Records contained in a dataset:
··········
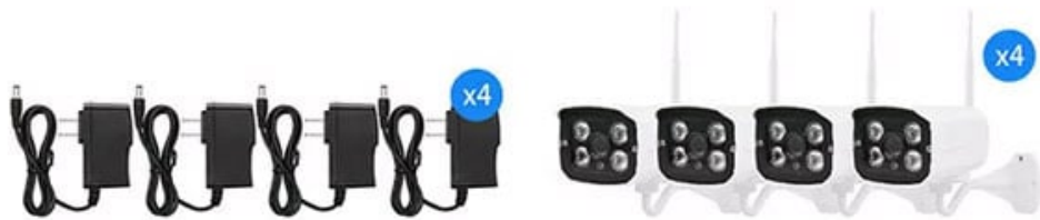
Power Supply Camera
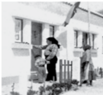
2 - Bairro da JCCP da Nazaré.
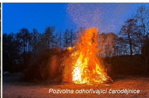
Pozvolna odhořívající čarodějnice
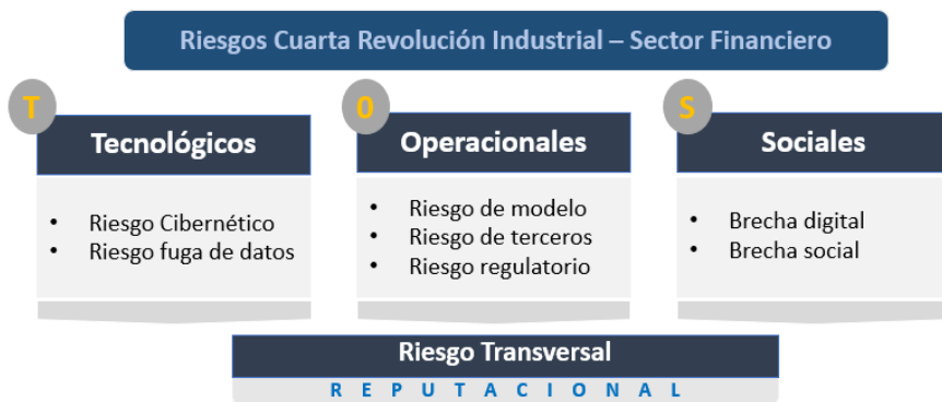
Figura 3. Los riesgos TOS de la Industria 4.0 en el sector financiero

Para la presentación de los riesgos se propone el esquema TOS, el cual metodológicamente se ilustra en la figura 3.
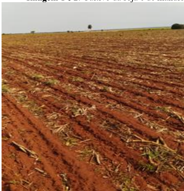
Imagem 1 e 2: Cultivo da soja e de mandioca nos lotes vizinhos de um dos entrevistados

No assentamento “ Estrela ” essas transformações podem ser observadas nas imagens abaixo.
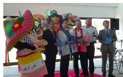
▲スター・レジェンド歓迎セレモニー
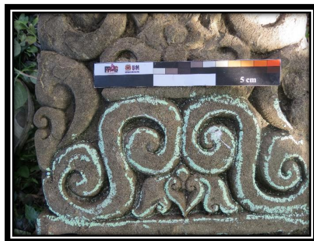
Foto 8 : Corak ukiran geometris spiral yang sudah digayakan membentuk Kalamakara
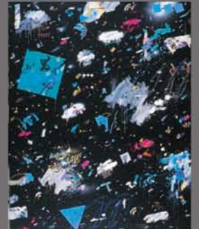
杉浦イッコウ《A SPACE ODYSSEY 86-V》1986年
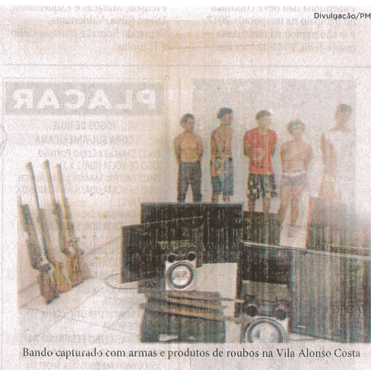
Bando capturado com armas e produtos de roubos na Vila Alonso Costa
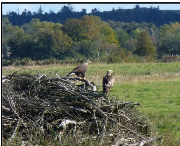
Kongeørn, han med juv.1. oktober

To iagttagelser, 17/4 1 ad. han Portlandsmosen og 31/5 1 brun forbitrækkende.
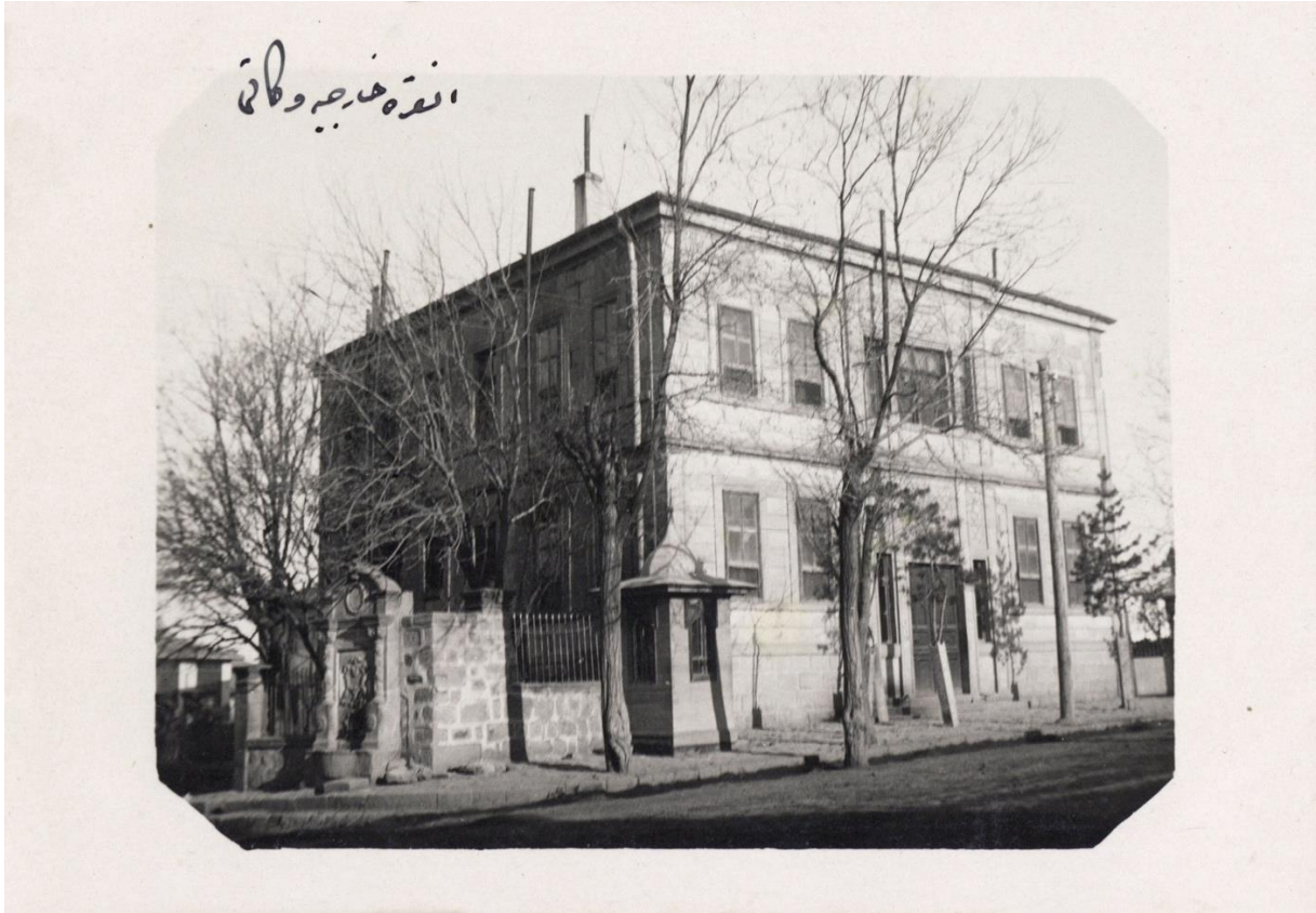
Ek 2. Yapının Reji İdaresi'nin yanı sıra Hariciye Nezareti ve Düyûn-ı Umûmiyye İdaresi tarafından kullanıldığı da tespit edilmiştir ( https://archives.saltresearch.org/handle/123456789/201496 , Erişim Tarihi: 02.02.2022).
··········
▶ [TASK BRIEF] Print each entry above exactly. The pictures should not be printed.

▶ [RESPONSE TO THIS EXERCISE]
Power Supply Camera
2 - Bairro da JCCP da Nazaré.
Pozvolna odhořívající čarodějnice
Figura 3. Los riesgos TOS de la Industria 4.0 en el sector financiero

Para la presentación de los riesgos se propone el esquema TOS, el cual metodológicamente se ilustra en la figura 3.
Imagem 1 e 2: Cultivo da soja e de mandioca nos lotes vizinhos de um dos entrevistados

No assentamento “ Estrela ” essas transformações podem ser observadas nas imagens abaixo.
▲スター・レジェンド歓迎セレモニー
Foto 8 : Corak ukiran geometris spiral yang sudah digayakan membentuk Kalamakara
杉浦イッコウ《A SPACE ODYSSEY 86-V》1986年
Bando capturado com armas e produtos de roubos na Vila Alonso Costa
Kongeørn, han med juv.1. oktober

To iagttagelser, 17/4 1 ad. han Portlandsmosen og 31/5 1 brun forbitrækkende.
Ek 2. Yapının Reji İdaresi'nin yanı sıra Hariciye Nezareti ve Düyûn-ı Umûmiyye İdaresi tarafından kullanıldığı da tespit edilmiştir ( https://archives.saltresearch.org/handle/123456789/201496 , Erişim Tarihi: 02.02.2022).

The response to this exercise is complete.